(WHAT IS REQUIRED)
Output everything in the data exactly, leaving the pictures out.

(DATA PROVIDED)
Segment Open
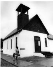
Handy Chapel (2004.44.100)
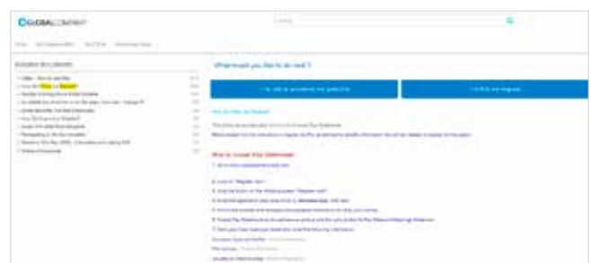
Knowledge Base Recommendation Engine - Tier 0 resolution
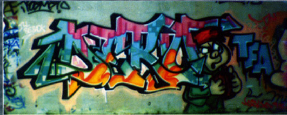
DERO / TFA (QUEENS - 1991)
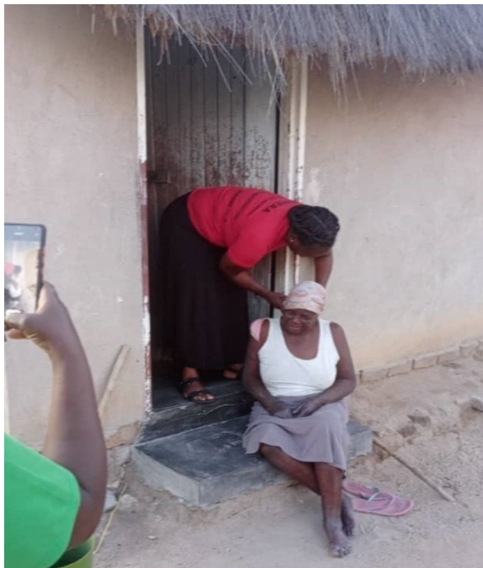
Cheering an elderly woman with simple acts of service.
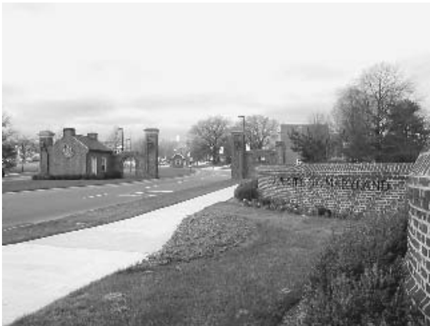
The main entrance to the College Park campus of The University of Maryland, one of the nation's best-equipped campuses.

In 2001, the university opened the Clarice Smith Performing Arts Center. This facility is a collaborative effort of the state, Prince George's County, and the university and promises to provide a superb environment for the study, practice and enjoyment of the arts. The University
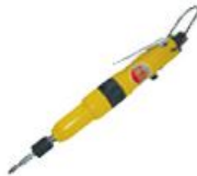
Regal Angle Screw Driver 1/4"
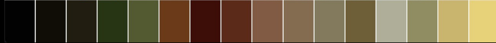
COLOUR PALETTE FOR CATCH ME A KILLER EP 8,9
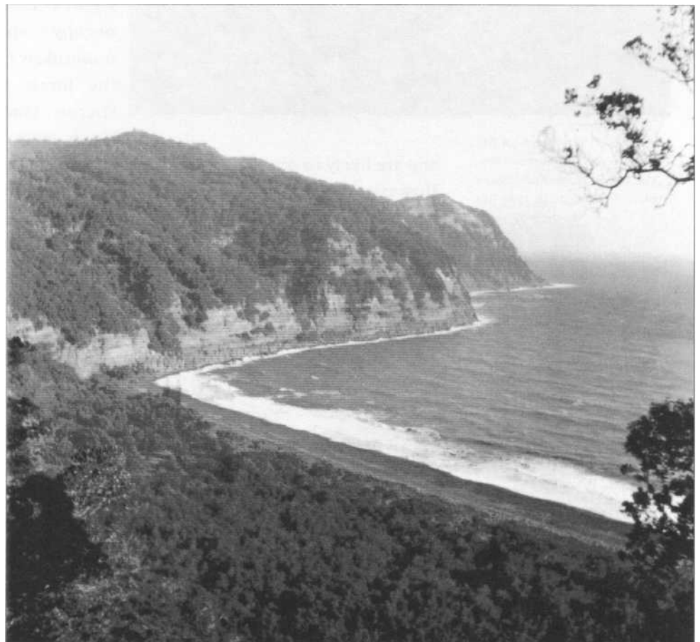
Figure 16 View onto the south end of Denham Bay with a group of young Norfolk pines visible on the edge of the beach, 1944.
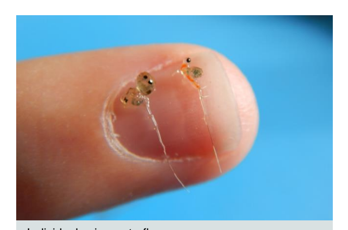
Individual spiny waterfleas.

Spiny waterfleas live in fresh water habitats and prefer cold temperatures, but can tolerate both brackish and warm water. They have spread throughout the Great Lakes and have been found in more than ten counties in New York State. Lake Erie, Lake Ontario, Lake George, Great Sacandaga Lake, Stewarts Bridge Reservoir, Lake Champlain and a number of smaller water bodies are infested.
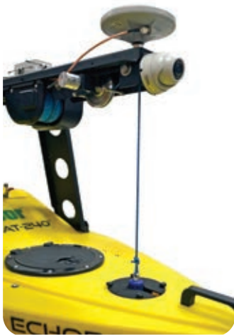
Winch comes spooled with 30m of rope

The SmartCast™ was designed to automatically deploy a sound velocity profiler to user-selected depths. The winch can be mounted onto the front of the USV and uses an IP69k encoder to track the SVP. The user can arm the system, toggle between RC and auto, change units, enter the desired cast depth, and monitor cast activity all within the integrated Seafloor SmartCast software. Using the integrated limit switch, the home position is reset before every cast to ensure accurate casts. The system can also sense if the SVP has hit bottom, and will return to home when detected.
Segment Closed
(EXERCISE RESPONSE)
Handy Chapel (2004.44.100)
Knowledge Base Recommendation Engine - Tier 0 resolution
DERO / TFA (QUEENS - 1991)
Cheering an elderly woman with simple acts of service.
The main entrance to the College Park campus of The University of Maryland, one of the nation's best-equipped campuses.

In 2001, the university opened the Clarice Smith Performing Arts Center. This facility is a collaborative effort of the state, Prince George's County, and the university and promises to provide a superb environment for the study, practice and enjoyment of the arts. The University
Regal Angle Screw Driver 1/4"
COLOUR PALETTE FOR CATCH ME A KILLER EP 8,9
Figure 16 View onto the south end of Denham Bay with a group of young Norfolk pines visible on the edge of the beach, 1944.
Individual spiny waterfleas.

Spiny waterfleas live in fresh water habitats and prefer cold temperatures, but can tolerate both brackish and warm water. They have spread throughout the Great Lakes and have been found in more than ten counties in New York State. Lake Erie, Lake Ontario, Lake George, Great Sacandaga Lake, Stewarts Bridge Reservoir, Lake Champlain and a number of smaller water bodies are infested.
Winch comes spooled with 30m of rope

The SmartCast™ was designed to automatically deploy a sound velocity profiler to user-selected depths. The winch can be mounted onto the front of the USV and uses an IP69k encoder to track the SVP. The user can arm the system, toggle between RC and auto, change units, enter the desired cast depth, and monitor cast activity all within the integrated Seafloor SmartCast software. Using the integrated limit switch, the home position is reset before every cast to ensure accurate casts. The system can also sense if the SVP has hit bottom, and will return to home when detected.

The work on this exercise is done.